Not A Single Story

Sarah Zhang, Explorations in Humanities: Connections and Conflicts

Unit 1 artifact

Selected past post from Unit 1

Humanity
Past Posts

In fact, tokenization goes with ghettoization. These days, I am constantly invited to things so that I will present the Third World point of view; when you are perceived as a token, you are also silenced in a certain way because, as you say, if you have been brought there it has been covered, they needn’t worry about it anymore, you slave their conscience. In the United States, being an Indian also brings a certain very curious problem. Over the centuries we have had histories of, let’s say, Indian indentured labor being taken to the Afro-Caribbean. After the change of regimes in certain African nations, Indians moved from Africa, then to Britain.; then Indians in waves in the early ‘60s, professional Indians, went to the Unites States as part of the brain drain. These Indians who are spread out over the world, for different kinds of historical reasons, they are diasporic...

The Indian community in the United States is the only colored community which came in with the brain drain. This is quite different from Indians and Pakistanis in Britain, and certainly very different from Indians of the Afro-Caribbean diaspora. And therefore we are used as an alibi, since we don’t share the same history of oppression with the local Blacks, the east Asians, and the Hispanics; on the other hand, our skins are not white, and since most of us are post-colonials we were trained in the British way, so there is a certain sort of Anglomania in the United States, we can be used as affirmative-action alibis.

Questions of Multiculturalism by Gayatri Chakravorty Spivak

….When I first read the passage I was confused not only due to my lack of proficiency in language, but also because I found difficulties understanding the idea that “tokenization goes with ghettoization” and how it connects to the example of Indians in the United States as “affirmative-action alibis”. Both tokenization and ghettoization describe a situation where some people gain the prominent right to speak for all in a certain group.
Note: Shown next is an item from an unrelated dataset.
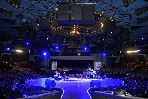 作為一個配備可旋轉舞臺的劇院,Celebrity Theatre 可謂是音樂會聽眾的福音,他們可以從多種角度觀看藝術家的表演。這一獨特構造對技術提出了一定挑戰,因此,負責系統研發的音響設計師針對場地特點采用了一些特別措施,從而確保該系統可在這一造型獨特的場地內部順利安裝并打造頂級音效。
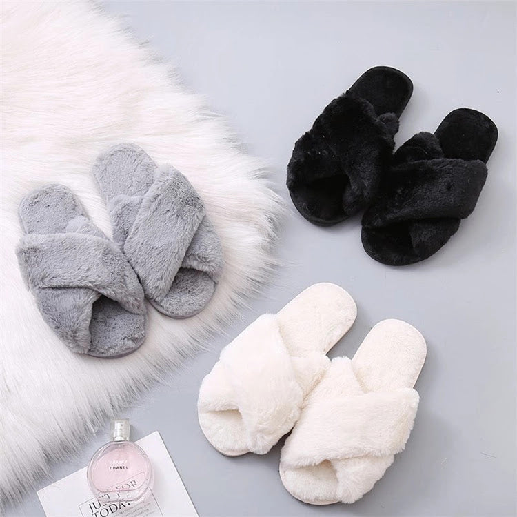 Women Home Slippers Winter Warm Shoes Woman Slip on Flats Slides Female Faux Fur Slippers

But a question that never came to me is that, these tokens, who should serve the function of speaking for the group, actually speak in such a generalized term that their words ignores the difference within the same group. For example, Indians in the U.S. speak in term of all Indian immigrants, but in fact the situations for Indians in Britain and Afro-Caribbean may be so different that Indians in the U.S. are not qualified to represent. And why these tokens actually speak not for the group they represent, but for the dominant group?

After my discussion with two Hum students, I realized how this can actually connect to the topic of language Prof. Quillen talked about and the idea of “authenticity”. What the tokens speak are taken as the “authentic” situation for the group; and any people who don’t fit this “authentic” definition of the group are thus rejected from public attention. Moreover, language only speaks the subjective truths. What I also found ironic is the fact that, when a wave of benevolence of the dominant group seeks to amplify the voice of marginalized group, what they did is actually “putting it under the carpet with the demand of authentic voices”. The reason why these certain people can be pursued as tokens is that the dominant group understands their problem because it is identical with the problem at home. And the subjective experiences of these people become the objective experience of all. And thus, the dominant groups, who think they are listening to the voices of the marginalized groups, actually filters out the voices they cannot understand. In other words, the communication between dominant group and marginalized group is ineffective. And according to the author, the distinction between diasporic cultures needs to be made.